Feature

International Women’s Day: 10 Human Rights Pioneers

By Ella Braidwood, Freelance Journalist 8 Mar 2021
Women
Clockwise from top left: Malala Yousafzai, Mary Wollstonecraft, Lady Phyll, Jane Campbell, Doreen Lawrence, Sophia Duleep Singh, Mary Seacole, and Paris Lees.

For International Women’s Day this year (8 March), EachOther looks at the lives of 10 human rights trailblazers in Britain, from past to present. (That’s because we’re a UK-focused publication – globally, there are countless women worthy of mention throughout history, from Greta Thunberg to Rosa Parks.)

International Women’s Day: Doreen Lawrence

Doreen Lawrence in an article on International Women's Day

Doreen Lawrence raised awareness of institutional racism within the police. (Credit: Wikimedia Commons)

Doreen Lawrence is a campaigner who entered public life after the racist murder of her son, Stephen Lawrence, in 1993. She spent years campaigning for justice, claiming that the police were not investigating her son’s murder properly due to racism and negligence.

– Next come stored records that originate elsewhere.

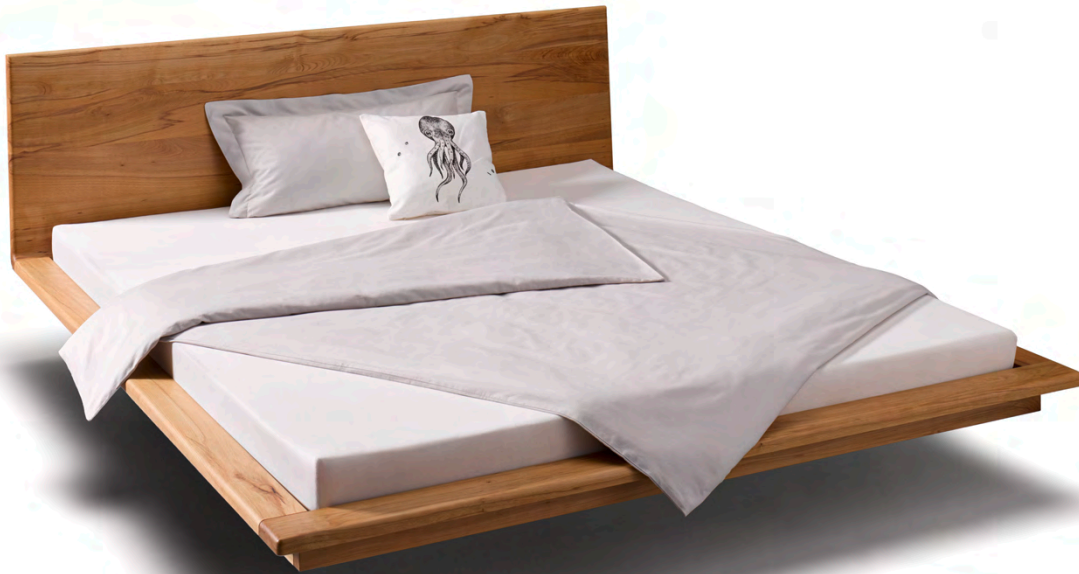
Bett MATIS in Kernbuche, mit Holzkopfteil
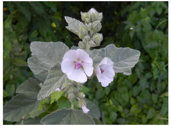
Guimauve officinale – bord de la Péruse
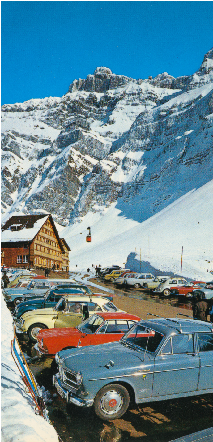
Die Schwägalp und der Säntis ziehen bereits in den 1970er-Jahren die mobilisierten Massen an. Postkarte, um 1970.

Während die Übernachtungen in Appenzell Ausserrhoden seit einigen Jahrzehnten sinken, nimmt der Tagestourismus stetig zu: Das Appenzellerland wird zum Ausflugsziel vorwiegend von Deutschen und Österreicherinnen und zum Naherholungsgebiet der ganzen Ostschweiz.
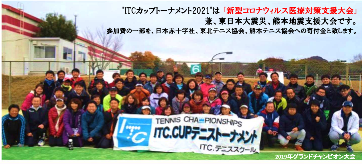
2019年グランドチャンピオン大会

「ITCカップトーナメント2021」は「 新型コロナウイルス医療対策支援大会 」 兼、東日本大震災、熊本地震支援大会です。 参加費の一部を、日本赤十字社、東北テニス協会、熊本テニス協会への寄付金と致します。
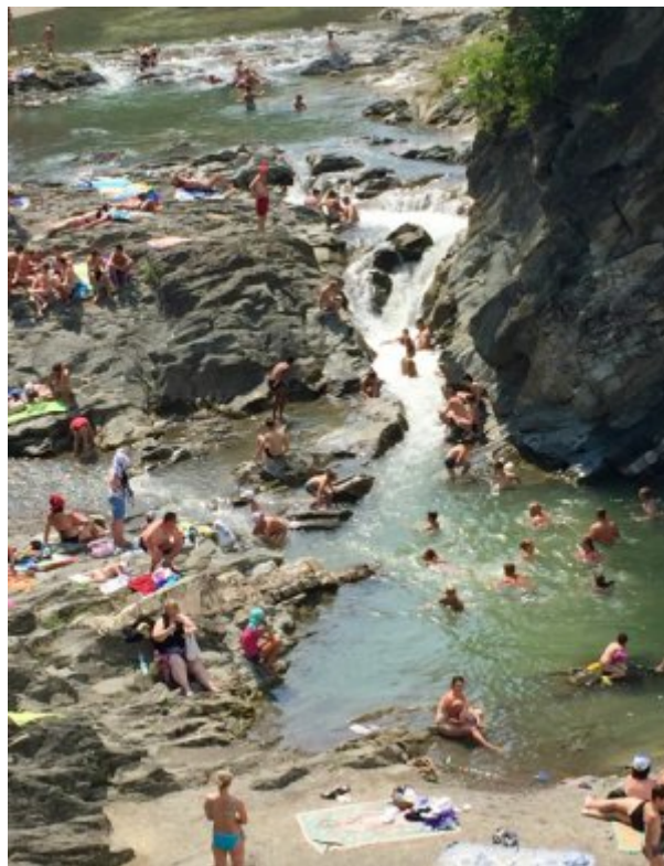
Ukraine, Carpates, les joies du bain dans la rivière

Et pendant ce temps, la vie continue. Mieux remplis qu'à l'époque soviétique, les marchés présentent des scènes récurrentes, comme cette femme âgée qui améliore son ordinaire en patientant dans l'espoir de vendre un pot de confiture maison.

In 1999, a judicial inquiry was launched, resulting in the landmark MacPherson Report, which found that there was “institutional racism” in the Metropolitan Police. In October last year, Lawrence launched the Stephen Lawrence Day Foundation, which promotes the national Stephen Lawrence Day on 22 April each year and seeks to inspire a fairer society through her son’s legacy. She previously founded the Stephen Lawrence Trust, which campaigned against inequality and is now called Blueprint for All.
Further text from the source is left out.